Wie geht MongoDB mit der Dokumentlänge in einem Textindex und Textscore um?

Die Bewertung basiert auf der Anzahl der Übereinstimmungen mit Stamm, aber es gibt auch einen eingebauten Koeffizienten, der die Punktzahl für Übereinstimmungen relativ zur Gesamtfeldlänge (ohne Stoppwörter) anpasst. Wenn Ihr längerer Text relevantere Wörter für eine Suchanfrage enthält, trägt dies zur Punktzahl bei. Längerer Text, der nicht zu einer Suchanfrage passt, verringert die Punktzahl.
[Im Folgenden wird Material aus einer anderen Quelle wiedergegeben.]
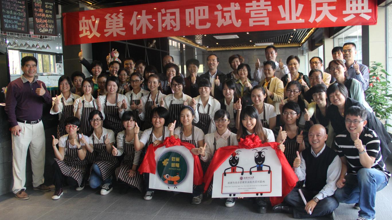 11月11日,我校旅游与酒店管理专业校内实训基地“蚁巢休闲吧”举行试营业仪式。省旅游局陈扬标副局长,武夷山天心阁酒店有限公司陈永佟总经理,闽侯县邮政局、大学城支局负责同志,我校副校长李敏,有关部门负责人,旅游学院师生和来自全校的50名蚁巢“正能量超人”学生志愿者出席仪式。

Ausschnitt aus dem Quellcode von MongoDB 3.2 auf GitHub (src/mongo/db/fts/fts_spec.cpp ):

   for (ScoreHelperMap::const_iterator i = terms.begin(); i != terms.end(); ++i) {
        const string& term = i->first;
        const ScoreHelperStruct& data = i->second;

        // in order to adjust weights as a function of term count as it
        // relates to total field length. ie. is this the only word or
        // a frequently occuring term? or does it only show up once in
        // a long block of text?

        double coeff = (0.5 * data.count / numTokens) + 0.5;

        // if term is identical to the raw form of the
        // field (untokenized) give it a small boost.
        double adjustment = 1;
        if (raw.size() == term.length() && raw.equalCaseInsensitive(term))
            adjustment += 0.1;

        double& score = (*docScores)[term];
        score += (weight * data.freq * coeff * adjustment);
        verify(score <= MAX_WEIGHT);
    }
}

Erstellen Sie einige Testdaten, um die Wirkung des Längenkoeffizienten an einem sehr einfachen Beispiel zu sehen:

db.articles.insert([
    { headline: "Rock" },
    { headline: "Rocks" },
    { headline: "Rock paper" },
    { headline: "Rock paper scissors" },
])

db.articles.createIndex({ "headline": "text"})

db.articles.find(
    { $text: { $search: "rock" }},
    { _id:0, headline:1, score: { $meta: "textScore" }}
).sort({ score: { $meta: "textScore" }})

Kommentierte Ergebnisse:

// Exact match of raw term to indexed field
// Coefficent is 1, plus 0.1 bonus for identical match of raw term
{
  "headline": "Rock",
  "score": 1.1
}

// Match of stemmed term to indexed field ("rocks" stems to "rock")
// Coefficent is 1
{
  "headline": "Rocks",
  "score": 1
}

// Two terms, one matching
// Coefficient is 0.75: (0.5 * 1 match / 2 terms) + 0.5
{
  "headline": "Rock paper",
  "score": 0.75
}

// Three terms, one matching
// Coefficient is 0.66: (0.5 * 1 match / 3 terms) + 0.5
{
  "headline": "Rock paper scissors",
  "score": 0.6666666666666666
}